**What to produce**
You are asked to reproduce the listing exactly and to omit its pictures.

BEGIN Given information

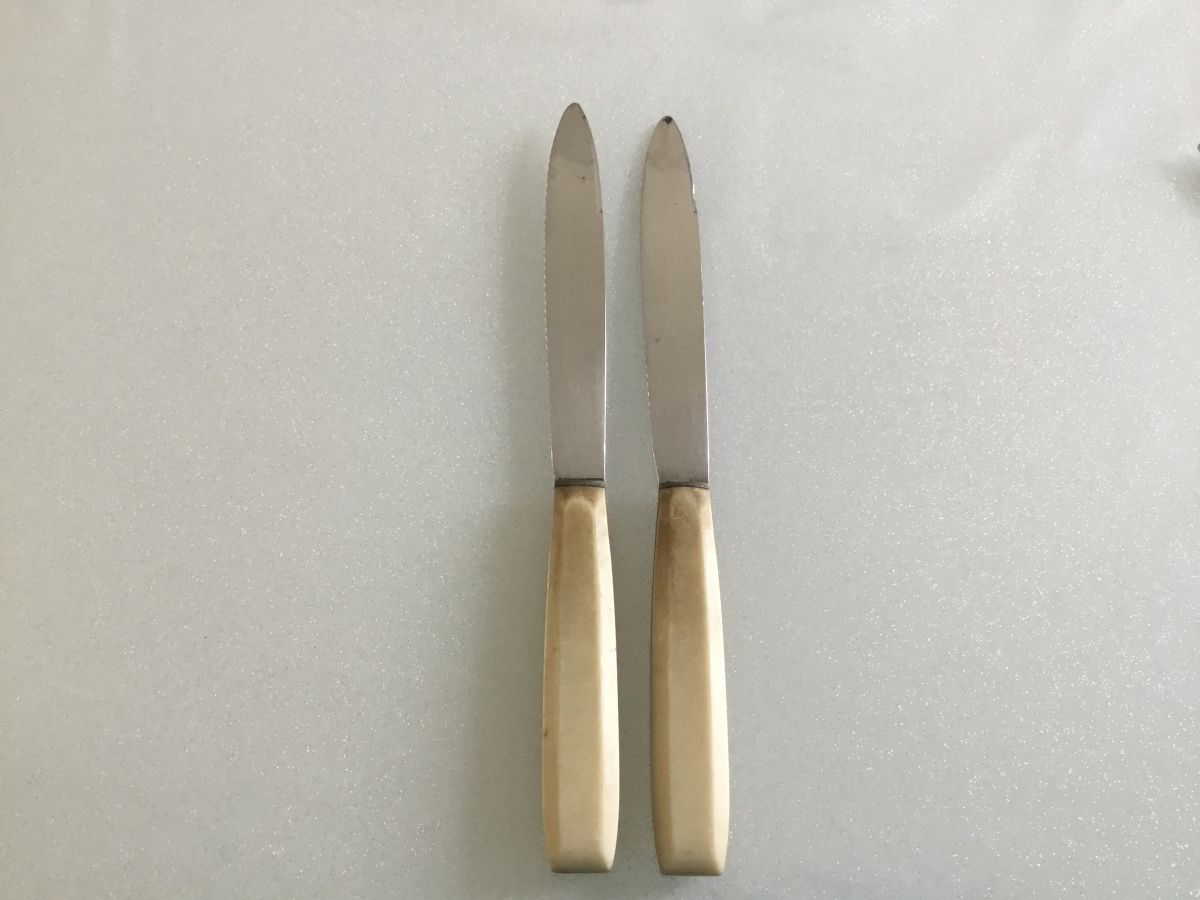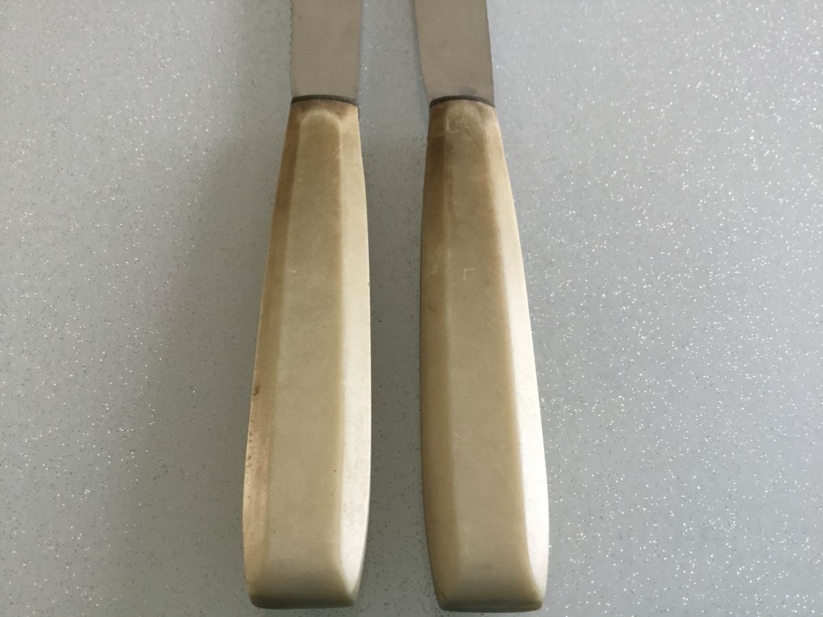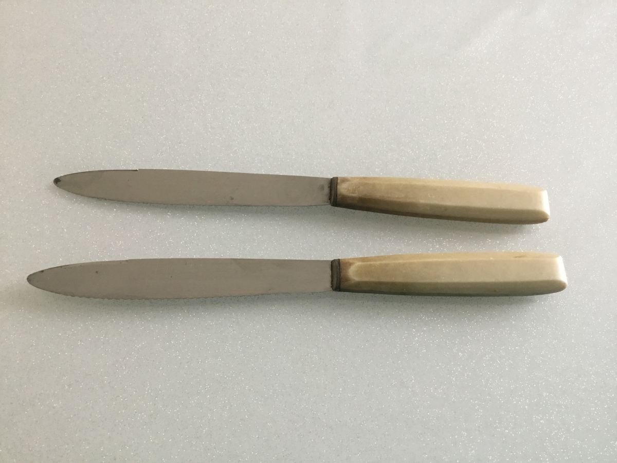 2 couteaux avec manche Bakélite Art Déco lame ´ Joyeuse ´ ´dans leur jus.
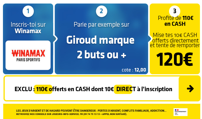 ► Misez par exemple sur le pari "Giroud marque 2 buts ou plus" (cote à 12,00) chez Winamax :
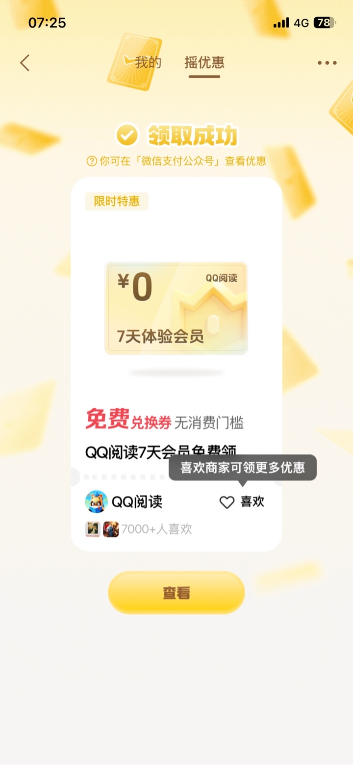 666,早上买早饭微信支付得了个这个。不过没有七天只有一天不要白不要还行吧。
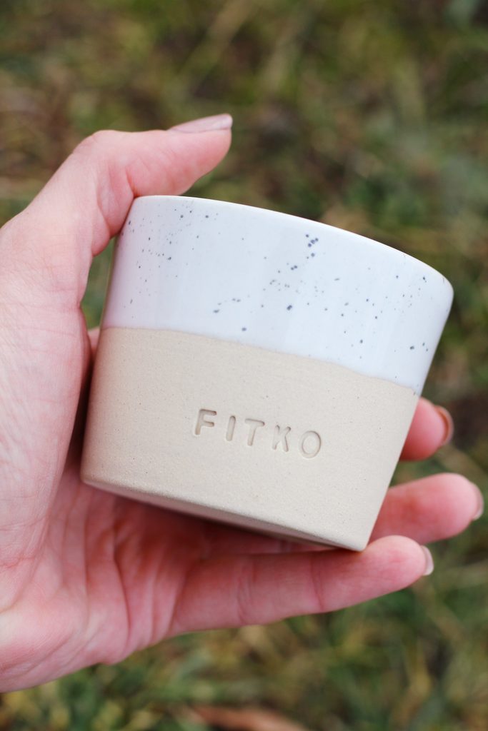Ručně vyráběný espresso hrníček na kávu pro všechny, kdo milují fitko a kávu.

END Given information

**Task answer**
 2 couteaux avec manche Bakélite Art Déco lame ´ Joyeuse ´ ´dans leur jus.
 ► Misez par exemple sur le pari "Giroud marque 2 buts ou plus" (cote à 12,00) chez Winamax :
 666,早上买早饭微信支付得了个这个。不过没有七天只有一天不要白不要还行吧。
Ručně vyráběný espresso hrníček na kávu pro všechny, kdo milují fitko a kávu.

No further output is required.